Miles did not lose his contacts connected to Taiwan human rights issues. In 1985 and 1986 he spent much of his time on overseas efforts for democratization, including the July 1985 hunger strike in Washington DC, and the 1986 "Acquino" action of Hsu Hsin-liang to take a Taiwan Democratic Party back to Taiwan. Not long after, he moved his family to Los Angeles to work for the Taiwanese-American Citizen League in Los Angeles.

Miles was allowed to return to Taiwan briefly in 1991 and followed the campaign of a challenger to the KMT's monopoly, but then was again banned. Thanks to the efforts of the Democratic Progressive Party, he was allowed to return to Taiwan to work for the DPP in 1996. However, most of his time went into anti-nuclear and indigenous rights and environmental movements.

In 2006, during the Chen Shui-bian administration, the Ministry of the Interior granted Miles permanent residency for his "special contributions to the nation." He spent his later years in Lungtan, Taoyuan, and was a professor at Fu Jen Catholic University.

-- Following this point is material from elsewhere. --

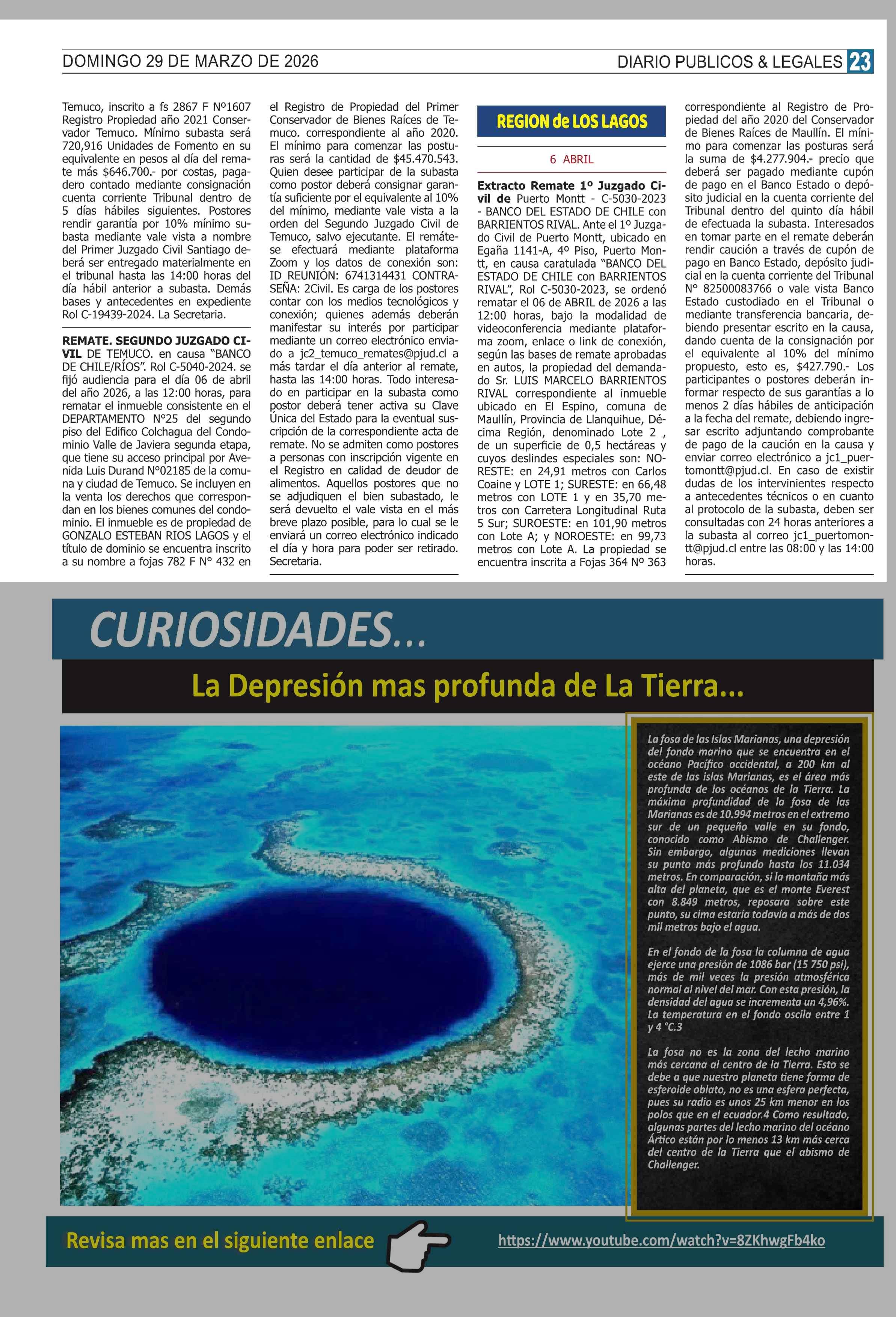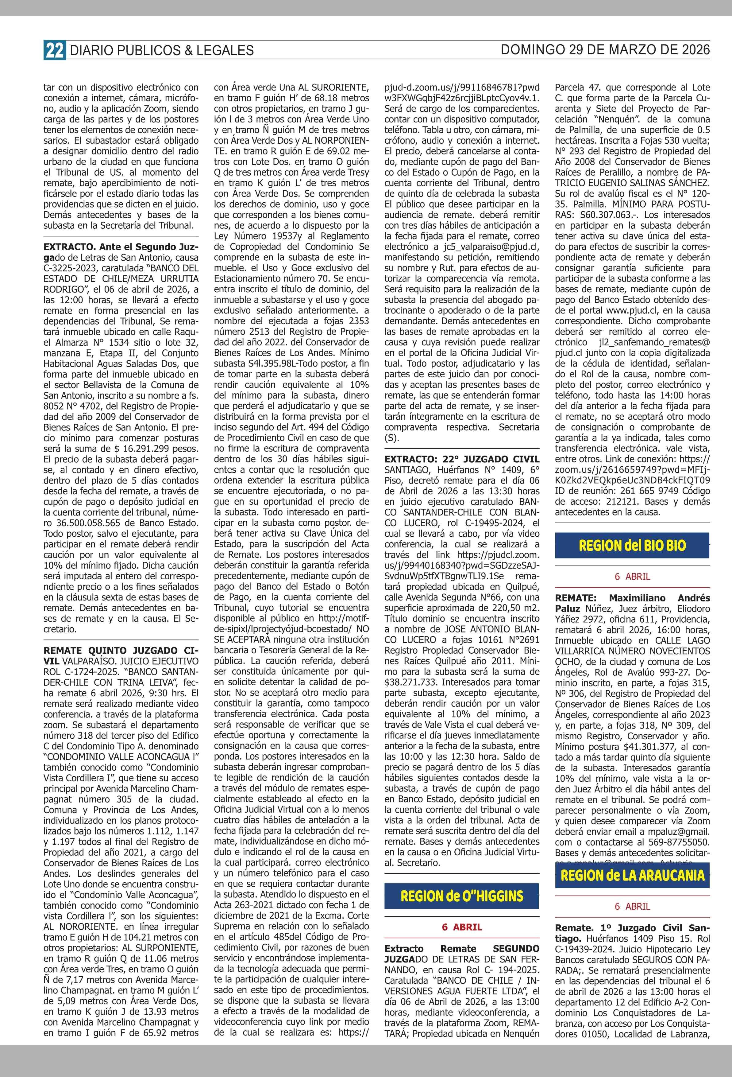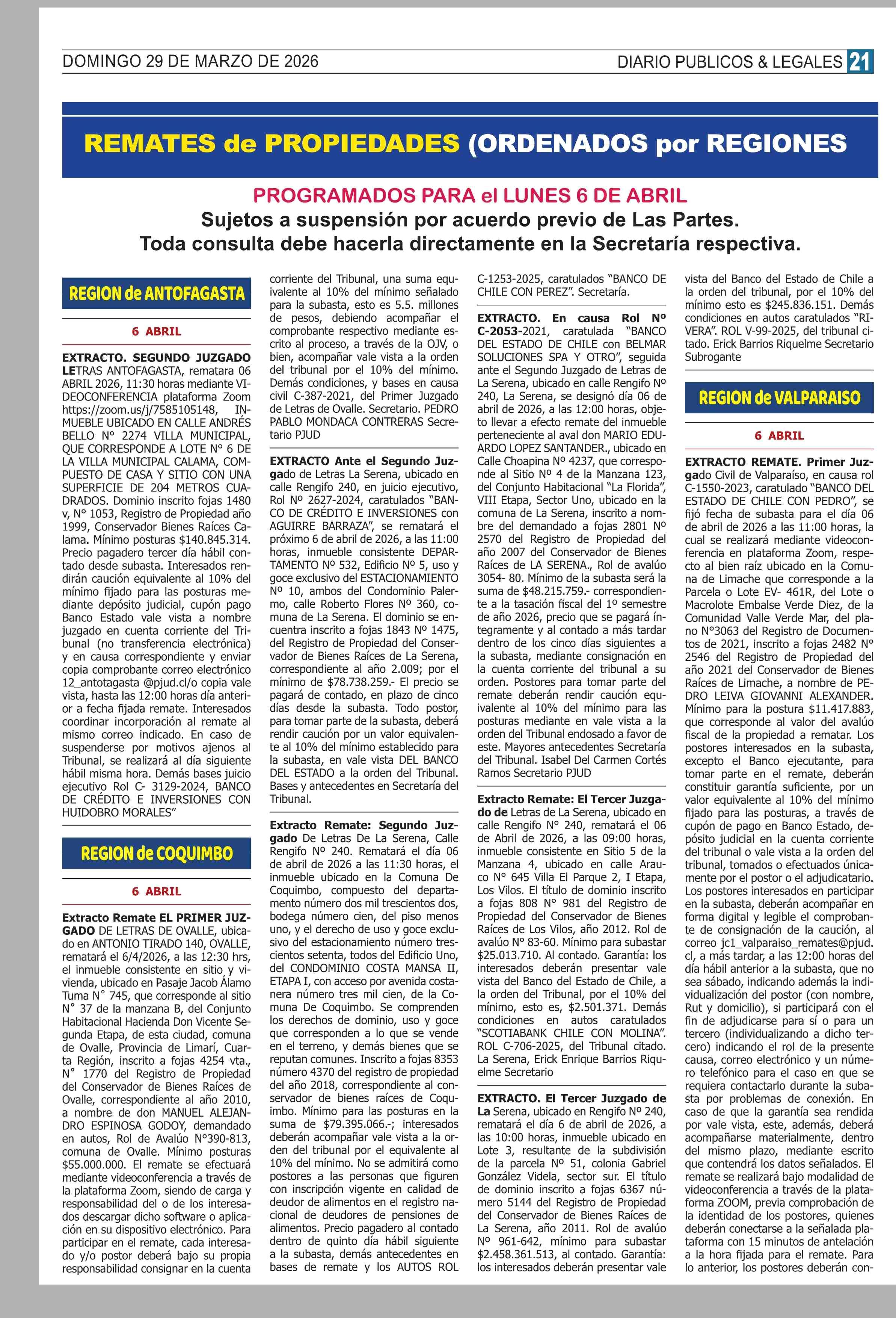REMATES de PROPIEDADES (ORDENADOS por REGIONES 29-03-2026 P&L Públicos y Legales |

In 2008 Linda Gail Arrigo and Miles published a book entitled "A Borrowed Voice: Taiwan Human Rights through International Networks, 1960-80" (ISBN 978-986-84338-0-9), based on Miles' archives that had been transported to the Wu San-lien Historical Materials Center, declassified documents, and 2003 interviews with formerly deported missionaries and others.

Miles regularly took part in social movements and protests, including burning his U.S. passport on March 23, 2003 to protest the US-led invasion of Iraq. He took part in the Sunflower Student Movement and was one of 119 protesters indicted in February 2015.

Miles died of cancer in Taipei on June 8, 2015. His funeral was held two days before his 72nd birthday, and was attended by fellow activist Linda Arrigo, and politicians Tsai Ing-wen, Hsu Hsin-liang, and Su Chih-fen.